New, larger vehicles were tried, first Safeway six-wheelers from the United States in 1925, then A.C.F.s (American Car and Foundry).

In 1934, the Nairns introduced two Marmon-Herrington buses specially adapted for them which had 18 tyres and two passenger levels in a dustfree trailer built to Nairn specs in USA by the Bender company,.

The Nairn's archetypal vehicle was however the "Pullman" bus, introduced in 1937, and built using different companies' components to their design on a stainless steel trailer built by the Edward G. Budd Company of Philadelphia The Pullmans were single-level but air-conditioned with refreshment facilities. They were articulated, ran on 10 instead of 18 tyres and cost £12,000 each. The time taken for each run was reduced from 24 to 18 hours. Tractors towing the Pullman trailers were two-axle White trucks.

In 1952, Nairn took delivery of a number of two-axle Studebaker 2R truck tractor units.

During WWII, New Zealand troops occupying Syria were free to use Nairn’s bus service between Damascus and Bagdad. It ran twice a week at the cost of £18 sterling for the return trip. Each bus could carry 18 passengers and by 1958 had travelled 2 million miles.

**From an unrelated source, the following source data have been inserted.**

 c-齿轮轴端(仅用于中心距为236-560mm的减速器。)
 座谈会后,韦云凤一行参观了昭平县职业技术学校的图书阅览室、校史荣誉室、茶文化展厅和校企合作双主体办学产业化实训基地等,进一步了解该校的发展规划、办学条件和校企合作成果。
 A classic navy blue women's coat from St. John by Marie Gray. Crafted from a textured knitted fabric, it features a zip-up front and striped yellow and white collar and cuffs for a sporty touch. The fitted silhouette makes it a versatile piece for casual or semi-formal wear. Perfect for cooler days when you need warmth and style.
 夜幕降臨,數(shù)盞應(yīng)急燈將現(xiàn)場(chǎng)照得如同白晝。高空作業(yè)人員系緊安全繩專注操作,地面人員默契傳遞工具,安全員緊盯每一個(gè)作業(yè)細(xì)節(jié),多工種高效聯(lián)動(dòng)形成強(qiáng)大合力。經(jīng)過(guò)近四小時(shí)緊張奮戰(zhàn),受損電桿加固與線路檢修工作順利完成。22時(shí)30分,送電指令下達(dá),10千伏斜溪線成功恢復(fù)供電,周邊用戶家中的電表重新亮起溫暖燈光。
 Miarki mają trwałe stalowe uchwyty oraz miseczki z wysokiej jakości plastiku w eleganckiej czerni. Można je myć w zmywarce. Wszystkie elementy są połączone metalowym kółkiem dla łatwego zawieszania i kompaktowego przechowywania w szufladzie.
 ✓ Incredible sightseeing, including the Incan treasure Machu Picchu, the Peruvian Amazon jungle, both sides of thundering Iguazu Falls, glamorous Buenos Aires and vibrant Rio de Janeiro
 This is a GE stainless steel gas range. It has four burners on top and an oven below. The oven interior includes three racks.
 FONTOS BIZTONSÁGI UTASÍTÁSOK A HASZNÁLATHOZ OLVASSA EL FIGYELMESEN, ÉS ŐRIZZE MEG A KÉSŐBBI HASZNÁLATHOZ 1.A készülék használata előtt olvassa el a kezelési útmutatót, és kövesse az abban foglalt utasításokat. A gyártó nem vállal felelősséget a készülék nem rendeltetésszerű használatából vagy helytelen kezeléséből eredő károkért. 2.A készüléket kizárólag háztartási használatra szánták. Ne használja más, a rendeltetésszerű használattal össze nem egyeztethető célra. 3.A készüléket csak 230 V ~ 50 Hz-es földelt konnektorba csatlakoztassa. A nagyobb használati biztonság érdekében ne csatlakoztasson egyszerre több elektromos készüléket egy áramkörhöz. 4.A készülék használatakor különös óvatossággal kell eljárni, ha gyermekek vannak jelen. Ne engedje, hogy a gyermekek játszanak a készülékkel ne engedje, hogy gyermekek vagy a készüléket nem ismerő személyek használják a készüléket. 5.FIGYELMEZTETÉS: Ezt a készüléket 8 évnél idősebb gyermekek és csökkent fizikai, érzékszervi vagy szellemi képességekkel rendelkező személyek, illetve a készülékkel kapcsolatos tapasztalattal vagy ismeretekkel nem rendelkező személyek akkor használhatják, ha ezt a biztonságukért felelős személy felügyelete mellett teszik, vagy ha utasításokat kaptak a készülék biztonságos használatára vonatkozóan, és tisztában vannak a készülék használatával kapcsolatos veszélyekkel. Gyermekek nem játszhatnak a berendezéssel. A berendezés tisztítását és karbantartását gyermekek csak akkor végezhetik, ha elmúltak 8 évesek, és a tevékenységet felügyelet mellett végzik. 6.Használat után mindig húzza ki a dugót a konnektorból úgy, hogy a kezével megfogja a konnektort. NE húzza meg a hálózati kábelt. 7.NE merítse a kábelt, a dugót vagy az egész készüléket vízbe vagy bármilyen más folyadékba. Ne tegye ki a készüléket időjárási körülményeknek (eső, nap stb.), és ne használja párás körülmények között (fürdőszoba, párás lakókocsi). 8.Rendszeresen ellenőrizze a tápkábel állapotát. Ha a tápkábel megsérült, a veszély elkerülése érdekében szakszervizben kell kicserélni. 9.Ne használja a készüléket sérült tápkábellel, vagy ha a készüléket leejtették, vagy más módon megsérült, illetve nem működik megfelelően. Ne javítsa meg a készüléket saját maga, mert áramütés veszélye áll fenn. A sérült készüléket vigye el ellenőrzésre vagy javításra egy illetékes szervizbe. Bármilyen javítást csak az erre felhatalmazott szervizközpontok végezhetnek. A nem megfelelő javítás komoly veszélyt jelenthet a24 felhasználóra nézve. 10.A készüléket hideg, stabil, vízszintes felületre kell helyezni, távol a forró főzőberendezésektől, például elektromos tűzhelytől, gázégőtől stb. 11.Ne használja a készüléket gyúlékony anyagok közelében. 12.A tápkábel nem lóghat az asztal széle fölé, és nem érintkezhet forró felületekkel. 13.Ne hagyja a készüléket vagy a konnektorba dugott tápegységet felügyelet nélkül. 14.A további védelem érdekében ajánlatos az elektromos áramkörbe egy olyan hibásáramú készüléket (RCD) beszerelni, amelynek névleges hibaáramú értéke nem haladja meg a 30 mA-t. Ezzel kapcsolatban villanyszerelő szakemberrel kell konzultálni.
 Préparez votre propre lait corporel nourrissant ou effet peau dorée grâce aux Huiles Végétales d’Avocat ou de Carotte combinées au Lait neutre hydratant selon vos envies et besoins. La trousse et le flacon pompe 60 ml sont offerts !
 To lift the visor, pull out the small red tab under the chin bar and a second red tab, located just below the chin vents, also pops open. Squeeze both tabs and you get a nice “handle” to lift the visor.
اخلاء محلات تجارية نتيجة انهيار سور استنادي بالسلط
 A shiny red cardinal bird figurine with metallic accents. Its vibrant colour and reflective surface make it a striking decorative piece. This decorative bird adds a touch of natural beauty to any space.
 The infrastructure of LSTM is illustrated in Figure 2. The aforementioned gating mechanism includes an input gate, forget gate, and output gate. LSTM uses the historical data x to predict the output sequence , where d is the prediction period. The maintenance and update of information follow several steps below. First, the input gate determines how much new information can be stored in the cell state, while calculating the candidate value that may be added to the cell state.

The Nairns had a well-equipped workshop at their headquarters in Damascus where they employed 85 people near the end.

==Nairn Transport Company Limited==
In 1936, the Nairn Eastern Transport Company Limited was renamed the Nairn Transport Company Limited after a takeover by founder Norman Nairn, backed by British investors. In 1952, Norman, by now retired and facing a more difficult local political situation, sold the company to his employees. In 1959, the firm was liquidated after border disputes, competition from air transport and political problems made the service unviable.